The deal was formalized during the official visit of His Royal Highness Prince Salman bin Hamad Al Khalifa, Crown Prince and Prime Minister, to Washington D.C., symbolizing the strengthening economic and commercial ties between Bahrain and the United States.

Khalid Taqi, Chairman of Gulf Air Group, emphasized the significance of the acquisition: “Adding 18 additional 787 Dreamliners an aircraft highly appreciated by our customers increases our passenger capacity by over 20%, marking a crucial milestone in our growth and modernization journey. This also aligns with our strategy to deliver a more fuel-efficient, environmentally friendly, and passenger-focused travel experience. 

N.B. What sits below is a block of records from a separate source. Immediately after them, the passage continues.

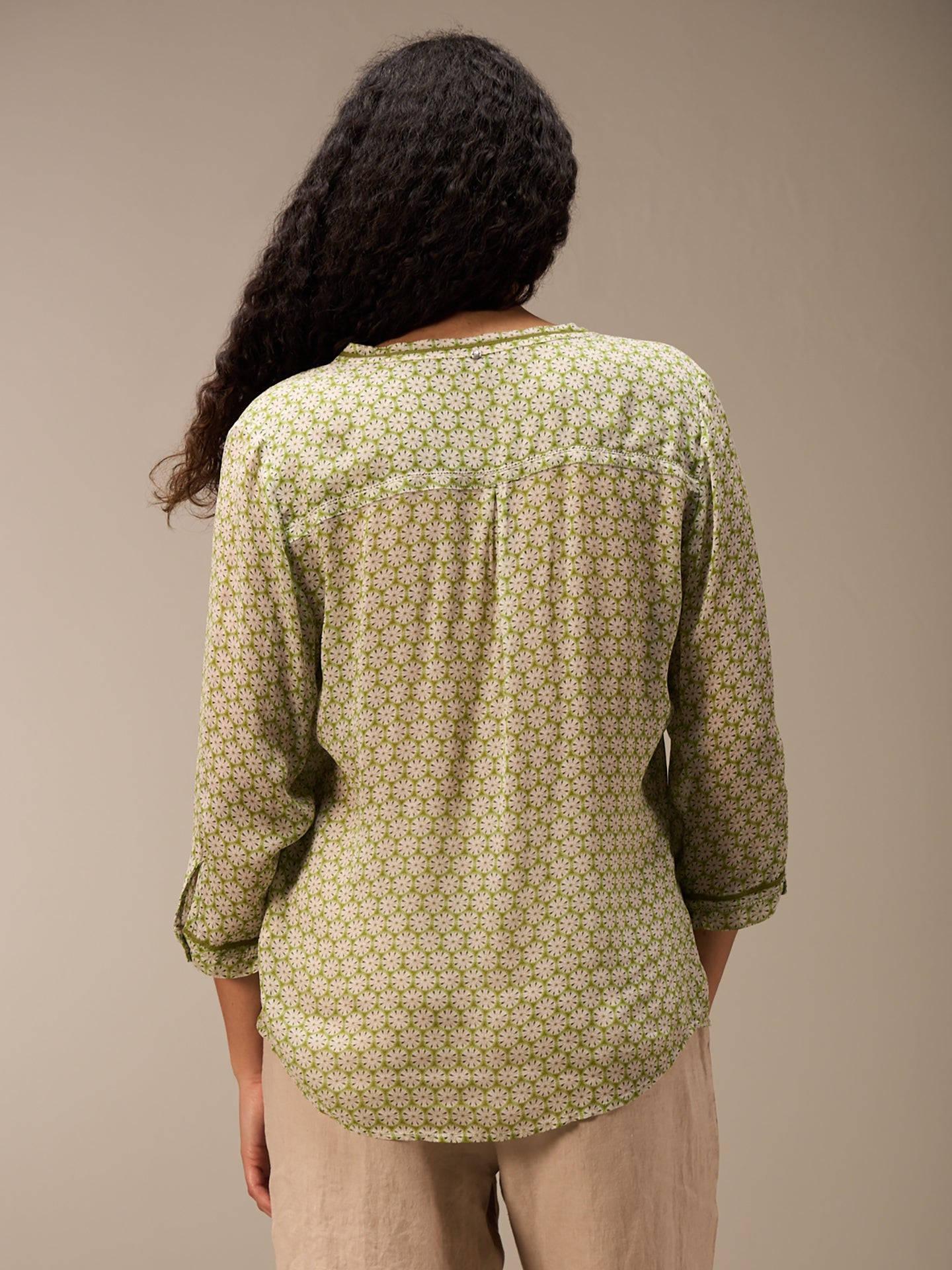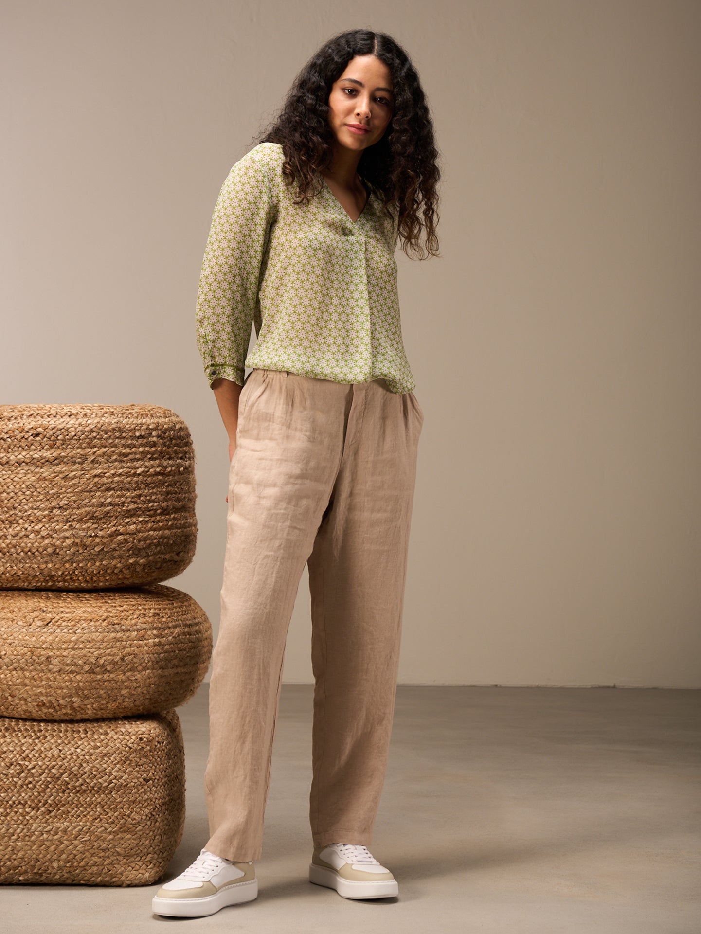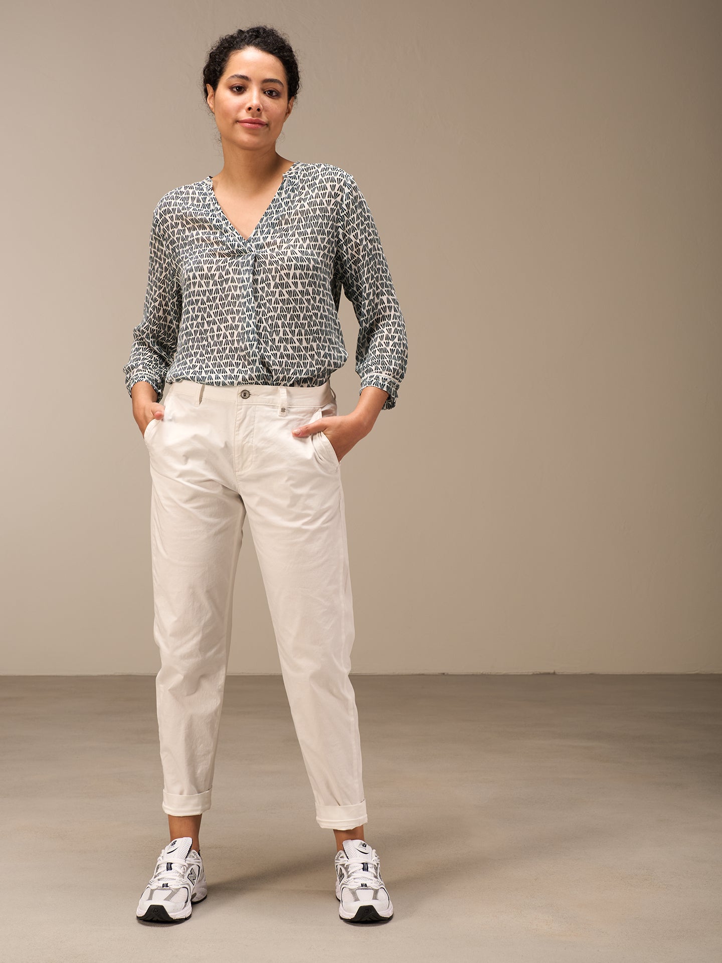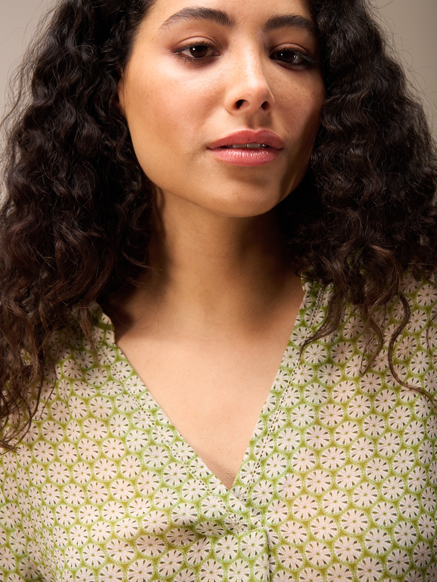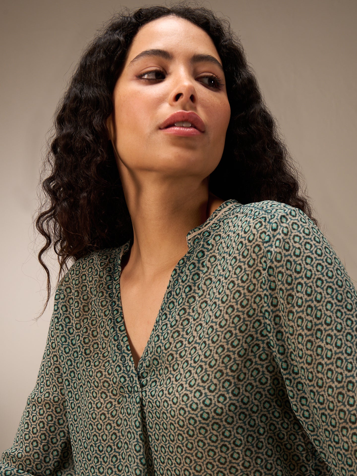 Straight-cut blouse with 3/4 sleeves, feminine V-neckline and hand-drawn all-over print.
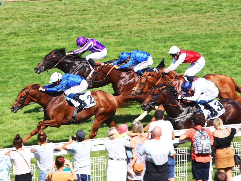 Deauville racegoers watch Space Blues and William Buick win the LARC Prix Maurice de Gheest (Group 1) for Godolphin and Charlie Appleby, from Hello Youmzain (white) and Lope Y Fernadez (purple)/Healy Racing.
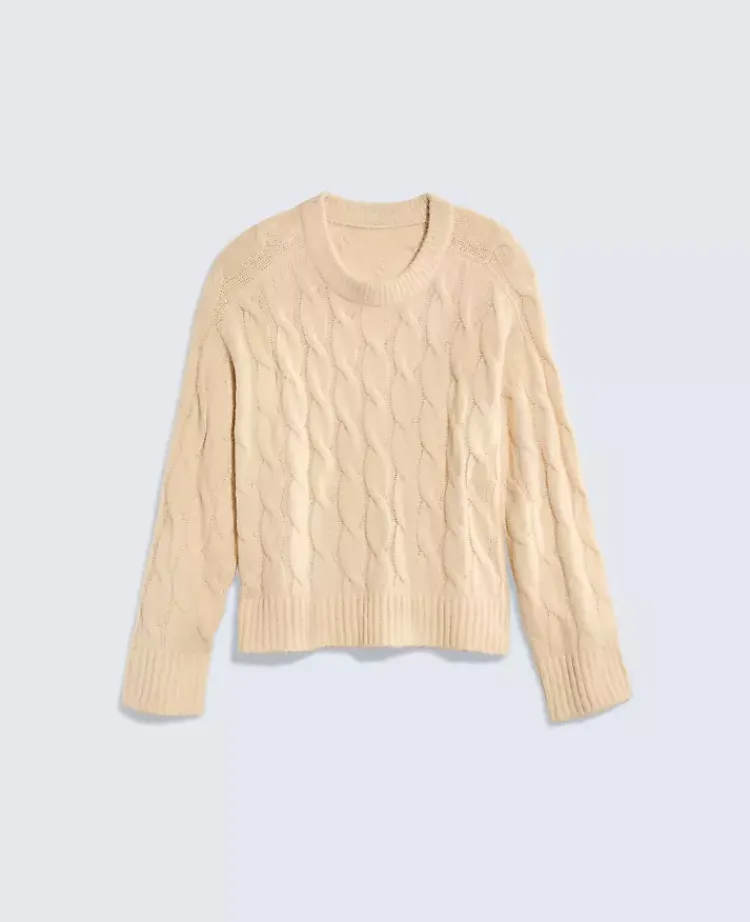 Ann Taylor Sweaters|All Sweaters|Petite Cable Crew Neck Sweater Pale Sandalwood
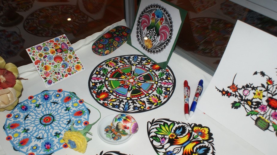 Exposition d'objets polonais dans des vitrines

Partnering with Boeing and GE Aerospace, global leaders in aviation innovation, affirms our confidence in advancing Gulf Air’s future. This collaboration also highlights the strong and enduring partnership between Bahrain and the USA.”

The Boeing 787 Dreamliner is celebrated worldwide for its fuel efficiency, cutting-edge technology, and superior passenger experience. It will play a central role in supporting Gulf Air’s long-haul operations, route expansion, and sustainability initiatives.

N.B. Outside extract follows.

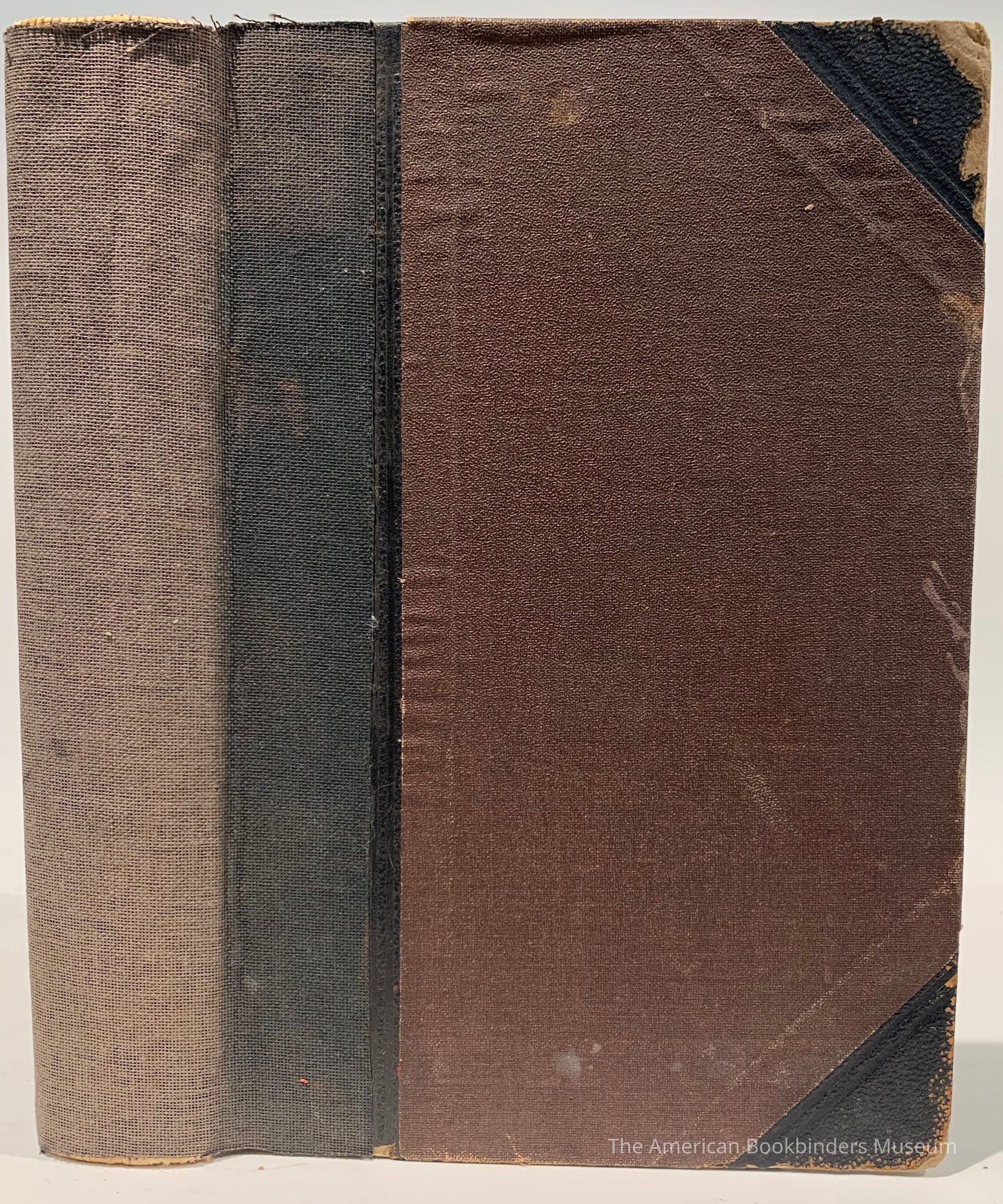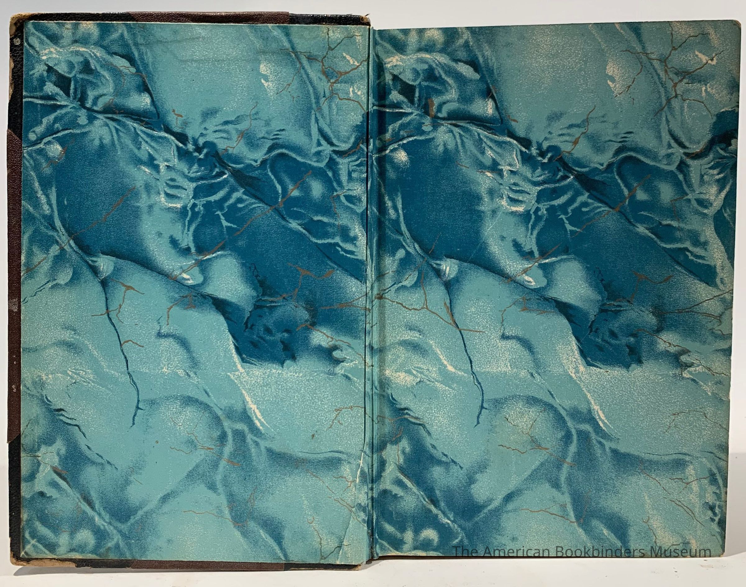 Half-bound in black leather; boards covered in dull maroon cloth; marbled endpapers; marbled edges.

Stephanie Pope, President and CEO of Boeing Commercial Airplanes, commented, “We are proud to deepen our more than six-decade partnership with Gulf Air by delivering the 787 Dreamliner. This investment underscores Gulf Air’s commitment to innovation and sustainable growth, strengthening Bahrain’s status in the global aviation industry.”

In conjunction with the aircraft order, Gulf Air and Boeing signed a Memorandum of Understanding (MOU) to explore establishing maintenance, repair, and overhaul (MRO) workshop capabilities in Bahrain. This initiative, still in its early stages, aims to localize MRO operations, develop local aviation talent, create jobs, and bring world-class services aligned with the latest technologies.

This strategic partnership further reinforces Gulf Air’s ambition to position Bahrain as a key aviation hub in the region, contributing to the Kingdom’s goals for economic diversification and enhanced global connectivity.